Threonine--tRNA ligase (EC 6.1.1.3) belongs to the ligase family, specifically those that form carbon-oxygen bonds in tRNA and related compounds . It is an aminoacyl-tRNA synthetase that links amino acids to their cognate transfer RNAs (tRNA) in aminoacylation reactions, establishing the connection between a specific amino acid and a nucleotide triplet anticodon embedded in the tRNA .
The reaction catalyzed by threonine-tRNA ligase is :
$$
ATP + L\text{-threonine} + tRNA(Thr) \rightleftharpoons AMP + \text{diphosphate} + L\text{-threonyl-tRNA(Thr)}
$$
This enzyme has several other names, including threonyl-tRNA synthetase, threonyl-transfer ribonucleate synthetase, and TARS .
Aminoacylation: The primary function of ThrRS is to catalyze the attachment of threonine to tRNA(Thr), forming threonyl-tRNA(Thr).

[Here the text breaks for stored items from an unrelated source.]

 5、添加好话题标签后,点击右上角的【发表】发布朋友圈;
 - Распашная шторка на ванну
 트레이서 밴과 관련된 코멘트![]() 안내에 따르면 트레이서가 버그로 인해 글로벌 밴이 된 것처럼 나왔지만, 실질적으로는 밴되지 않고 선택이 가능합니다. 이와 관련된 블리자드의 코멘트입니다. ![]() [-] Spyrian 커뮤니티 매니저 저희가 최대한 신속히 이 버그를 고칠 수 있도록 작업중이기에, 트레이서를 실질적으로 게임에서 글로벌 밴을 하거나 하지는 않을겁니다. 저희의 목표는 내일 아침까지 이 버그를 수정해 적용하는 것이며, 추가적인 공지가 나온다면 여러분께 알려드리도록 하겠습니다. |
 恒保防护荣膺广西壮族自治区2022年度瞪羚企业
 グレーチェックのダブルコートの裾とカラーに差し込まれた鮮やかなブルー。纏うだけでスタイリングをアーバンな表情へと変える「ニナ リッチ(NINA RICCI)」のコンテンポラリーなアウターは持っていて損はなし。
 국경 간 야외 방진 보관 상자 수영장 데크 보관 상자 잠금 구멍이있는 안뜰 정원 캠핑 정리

This is a crucial step in protein synthesis, as it ensures that threonine is incorporated into the growing polypeptide chain at the correct positions specified by the mRNA .
Regulation of Translation: Threonyl-tRNA synthetase (TARS) can also regulate the translation of its own gene by binding to its mRNA .

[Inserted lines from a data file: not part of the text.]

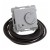 Szkic zdjęcia gniazdka elektrycznego obok którego znajdują się szczegółowe dane techniczne produktu-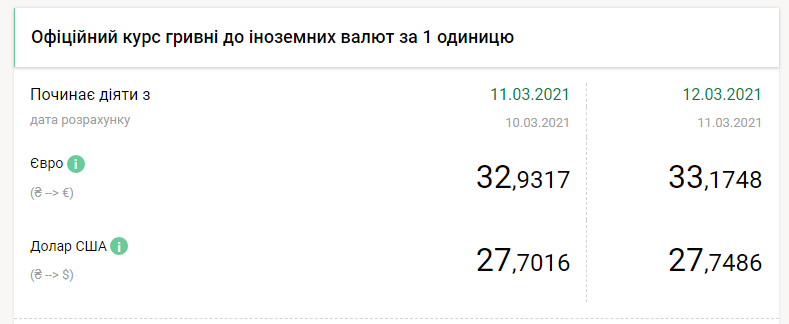Национальный банк Украины на пятницу, 12 марта, понизил курс гривны почти на 5 копеек по отношению к доллару и опустил сразу на 24 копейки к евро, передает FaceNews.ua. Об этом свидетельствуют данные на сайте НБУ.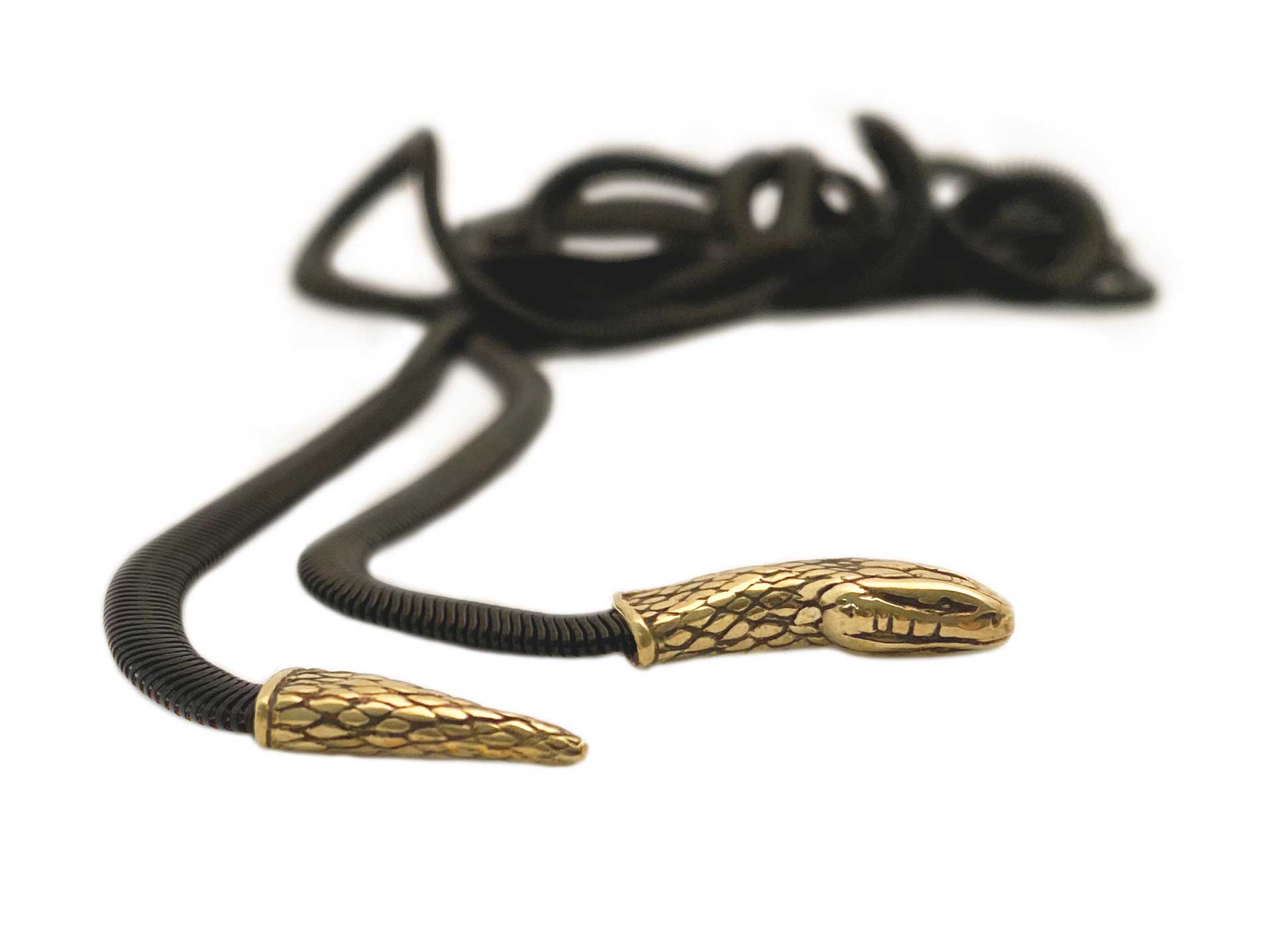 The Snake Lariat Necklace is so versatile. You can wrap, twist and tie this chain into a number of variations. one day you can wear it like a choker, and the next like along chain. Looks great on its own or layered with other necklaces.

Editing Mechanism: Threonyl-tRNA synthetase uses a unique zinc ion to discriminate against the isosteric valine at the activation step . It can also hydrolyze incorrectly formed ser-tRNA(Thr) at a specific site in the N-terminal domain of the enzyme .

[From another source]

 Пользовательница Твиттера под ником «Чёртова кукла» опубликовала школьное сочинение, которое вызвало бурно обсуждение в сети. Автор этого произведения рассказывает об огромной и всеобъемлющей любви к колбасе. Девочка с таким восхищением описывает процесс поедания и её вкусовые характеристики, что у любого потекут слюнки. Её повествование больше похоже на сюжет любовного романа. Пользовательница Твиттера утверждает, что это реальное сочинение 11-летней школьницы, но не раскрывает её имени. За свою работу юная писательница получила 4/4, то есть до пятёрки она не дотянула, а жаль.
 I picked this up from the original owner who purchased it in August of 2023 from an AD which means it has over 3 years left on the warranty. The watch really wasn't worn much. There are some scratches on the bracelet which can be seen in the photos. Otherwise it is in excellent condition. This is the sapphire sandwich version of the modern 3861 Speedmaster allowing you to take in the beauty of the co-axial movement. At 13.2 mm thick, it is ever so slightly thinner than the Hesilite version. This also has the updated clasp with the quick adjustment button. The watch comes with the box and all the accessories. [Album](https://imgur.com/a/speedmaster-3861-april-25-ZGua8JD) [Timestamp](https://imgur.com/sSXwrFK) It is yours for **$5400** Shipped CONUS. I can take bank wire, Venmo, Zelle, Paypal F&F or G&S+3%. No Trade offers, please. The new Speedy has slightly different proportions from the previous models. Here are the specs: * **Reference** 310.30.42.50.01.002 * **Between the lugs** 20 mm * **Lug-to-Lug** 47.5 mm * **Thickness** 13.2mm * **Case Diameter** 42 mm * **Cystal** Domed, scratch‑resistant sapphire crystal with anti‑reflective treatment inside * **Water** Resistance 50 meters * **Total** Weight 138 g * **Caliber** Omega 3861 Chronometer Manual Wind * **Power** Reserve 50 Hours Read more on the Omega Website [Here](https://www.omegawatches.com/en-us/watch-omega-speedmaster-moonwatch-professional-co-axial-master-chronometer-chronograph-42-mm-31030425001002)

Recombinant Bdellovibrio bacteriovorus Threonine--tRNA ligase (thrS), partial can be utilized in various research applications:
Enzyme Activity Assays: To study the catalytic activity of the enzyme and its interactions with substrates and inhibitors.
Structural Studies: To determine the three-dimensional structure of the enzyme fragment and gain insights into its mechanism of action.
Drug Discovery: To identify compounds that can inhibit or modulate the activity of the enzyme, potentially leading to the development of new antibacterial agents .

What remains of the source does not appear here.